▶ [INSTRUCTIONS FOR THE TASK]: Without including any pictures, reproduce all the lines below word for word.

▶ [SOURCE DATA]:
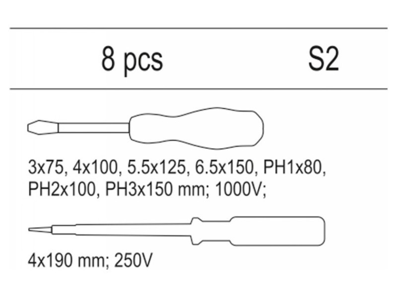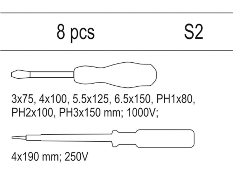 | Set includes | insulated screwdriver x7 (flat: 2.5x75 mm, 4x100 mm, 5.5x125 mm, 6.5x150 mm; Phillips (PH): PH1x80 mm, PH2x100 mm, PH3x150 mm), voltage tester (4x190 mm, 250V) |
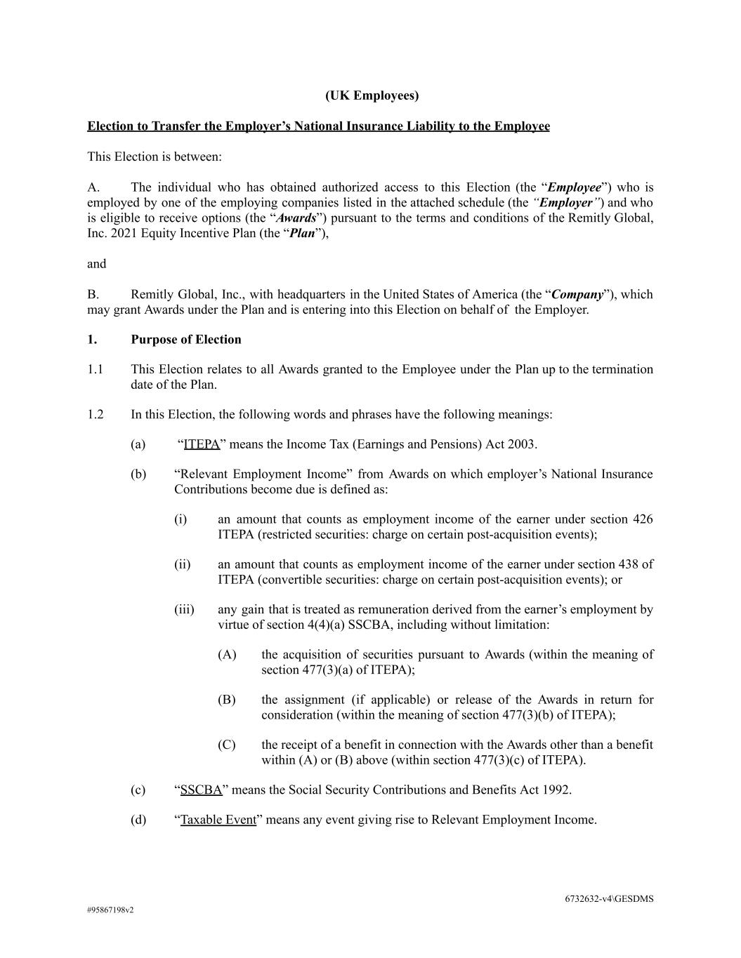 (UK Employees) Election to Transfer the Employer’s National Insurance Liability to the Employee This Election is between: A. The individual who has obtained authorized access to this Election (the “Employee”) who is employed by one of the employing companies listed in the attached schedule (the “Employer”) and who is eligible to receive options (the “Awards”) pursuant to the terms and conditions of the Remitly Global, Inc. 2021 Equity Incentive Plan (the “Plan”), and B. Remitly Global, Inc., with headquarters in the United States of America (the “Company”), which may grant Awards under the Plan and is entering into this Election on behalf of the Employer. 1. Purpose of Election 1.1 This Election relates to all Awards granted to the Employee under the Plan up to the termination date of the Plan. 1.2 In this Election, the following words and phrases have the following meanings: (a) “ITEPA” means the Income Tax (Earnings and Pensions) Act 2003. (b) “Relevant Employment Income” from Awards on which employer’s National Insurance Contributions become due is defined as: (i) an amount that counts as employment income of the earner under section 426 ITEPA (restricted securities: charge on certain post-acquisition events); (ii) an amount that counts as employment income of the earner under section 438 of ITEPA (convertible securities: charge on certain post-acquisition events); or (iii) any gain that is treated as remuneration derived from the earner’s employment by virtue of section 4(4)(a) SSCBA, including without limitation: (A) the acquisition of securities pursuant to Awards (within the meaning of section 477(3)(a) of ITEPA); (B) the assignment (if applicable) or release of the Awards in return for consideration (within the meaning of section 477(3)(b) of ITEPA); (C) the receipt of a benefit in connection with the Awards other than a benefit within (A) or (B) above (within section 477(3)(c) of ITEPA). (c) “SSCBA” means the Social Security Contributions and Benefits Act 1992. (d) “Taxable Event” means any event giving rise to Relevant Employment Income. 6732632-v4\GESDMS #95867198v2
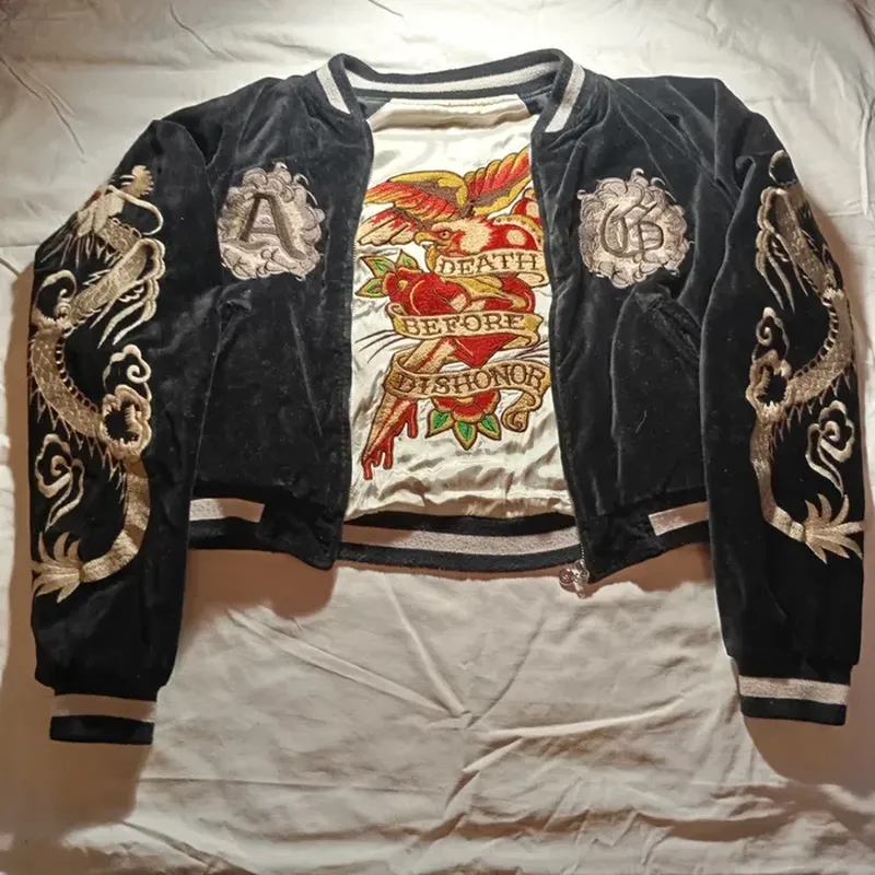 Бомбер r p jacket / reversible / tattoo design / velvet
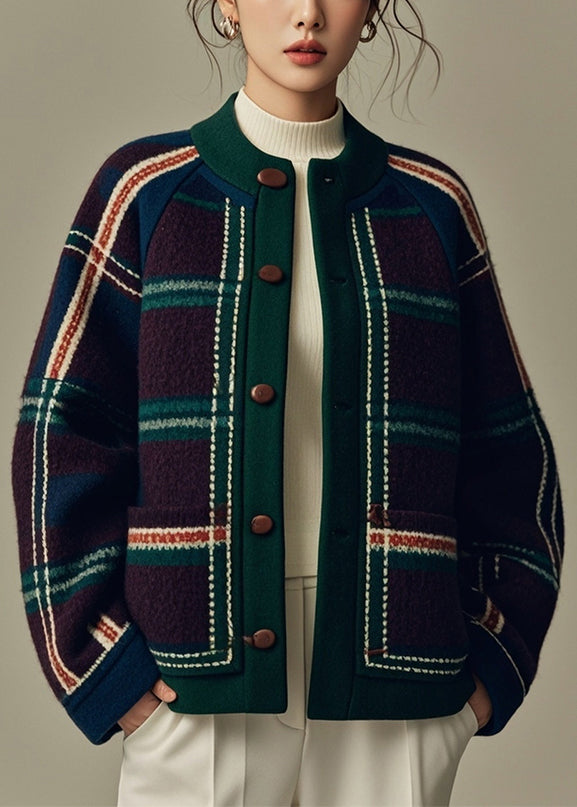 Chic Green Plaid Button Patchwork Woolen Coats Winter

▶ [EXERCISE RESULT]:
 | Set includes | insulated screwdriver x7 (flat: 2.5x75 mm, 4x100 mm, 5.5x125 mm, 6.5x150 mm; Phillips (PH): PH1x80 mm, PH2x100 mm, PH3x150 mm), voltage tester (4x190 mm, 250V) |
 (UK Employees) Election to Transfer the Employer’s National Insurance Liability to the Employee This Election is between: A. The individual who has obtained authorized access to this Election (the “Employee”) who is employed by one of the employing companies listed in the attached schedule (the “Employer”) and who is eligible to receive options (the “Awards”) pursuant to the terms and conditions of the Remitly Global, Inc. 2021 Equity Incentive Plan (the “Plan”), and B. Remitly Global, Inc., with headquarters in the United States of America (the “Company”), which may grant Awards under the Plan and is entering into this Election on behalf of the Employer. 1. Purpose of Election 1.1 This Election relates to all Awards granted to the Employee under the Plan up to the termination date of the Plan. 1.2 In this Election, the following words and phrases have the following meanings: (a) “ITEPA” means the Income Tax (Earnings and Pensions) Act 2003. (b) “Relevant Employment Income” from Awards on which employer’s National Insurance Contributions become due is defined as: (i) an amount that counts as employment income of the earner under section 426 ITEPA (restricted securities: charge on certain post-acquisition events); (ii) an amount that counts as employment income of the earner under section 438 of ITEPA (convertible securities: charge on certain post-acquisition events); or (iii) any gain that is treated as remuneration derived from the earner’s employment by virtue of section 4(4)(a) SSCBA, including without limitation: (A) the acquisition of securities pursuant to Awards (within the meaning of section 477(3)(a) of ITEPA); (B) the assignment (if applicable) or release of the Awards in return for consideration (within the meaning of section 477(3)(b) of ITEPA); (C) the receipt of a benefit in connection with the Awards other than a benefit within (A) or (B) above (within section 477(3)(c) of ITEPA). (c) “SSCBA” means the Social Security Contributions and Benefits Act 1992. (d) “Taxable Event” means any event giving rise to Relevant Employment Income. 6732632-v4\GESDMS #95867198v2
 Бомбер r p jacket / reversible / tattoo design / velvet
 Chic Green Plaid Button Patchwork Woolen Coats Winter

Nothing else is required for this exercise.